Diplolaena angustifolia, commonly known as Yanchep rose, is a shrub which is endemic to the area around Perth in Western Australia.

==Description==
The shrub has an erect to compact to spreading habit and typically grows to a height of 0.3 to 1.5 m. It has linear to narrowly oblong shaped leaves with a recurved to revolute margin. The Yanchep Rose has many small flowers with long bright stamens that are crowded in to heads surrounded by three or four series of petal-like bracts, so that the whole resembles a many-stamened single flower. Diplolaena angustifolia has pendant heads up to 3 to 4 cm across, surrounded by a series of bracts. It features stamens of up to 3 cm long which range in colour from a pale orange to crimson.
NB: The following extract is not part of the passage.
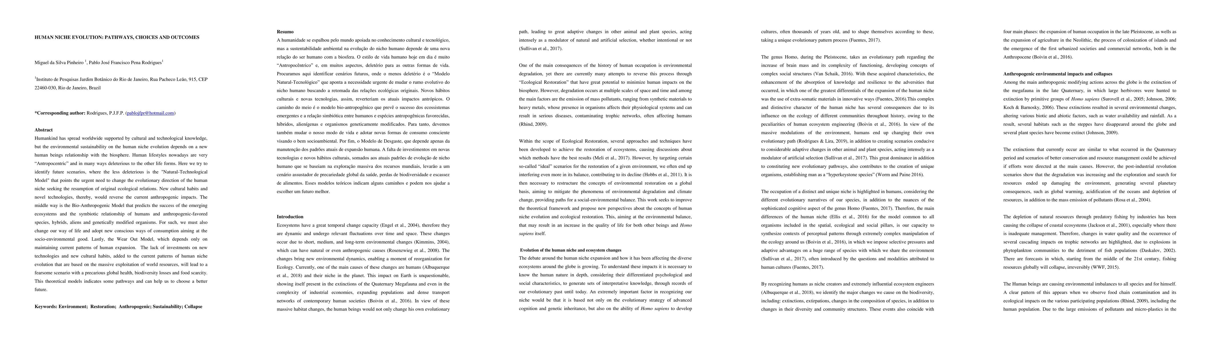 Humankind has spread worldwide supported by cultural and technological knowledge, but the environmental sustainability on the human niche evolution depends on a new human beings relationship with the biosphere. Human lifestyles nowadays are very Antropocentric and in many ways deleterious to the other life forms. Here we try to identify future scenarios, where the less deleterious is the Natural-Technological Model that points the urgent need to change the evolutionary direction of the human niche seeking the resumption of original ecological relations. New cultural habits and novel technologies, thereby, would reverse the current anthropogenic impacts. The middle way is the Bio-Anthropogenic Model that predicts the success of the emerging ecosystems and the symbiotic relationship of humans and anthropogenic-favored species, hybrids, aliens and genetically modified organisms. For such, we must also change our way of life and adopt new conscious ways of consumption aiming at the socio-environmental good. Lastly, the Wear Out Model, which depends only on maintaining current patterns of human expansion. The lack of investments on new technologies and new cultural habits, added to the current patterns of human niche evolution that are based on the massive exploitation of world resources, will lead to a fearsome scenario with a precarious global health, biodiversity losses and food scarcity. This theoretical models indicates some pathways and can help us to choose a better future.

It is a winter-flowering shrub that usually blooms between June and October.

==Taxonomy==
The species was first formally described by the botanist William Jackson Hooker in the work Botanical Magazine published in 1843. Synonyms include; Diplolaena salicifolia, Diplolaena salicifolia var. revoluta and Diplolaena salicifolia var. salicifolia.

==Distribution==
It has a scattered distribution along the coast and slightly inland from the Perth area in the south to as far north as Dongara in the Wheatbelt region of Western Australia. The shrub is often found on sand dunes, limestone hills and rocky ridges growing in sandy soils.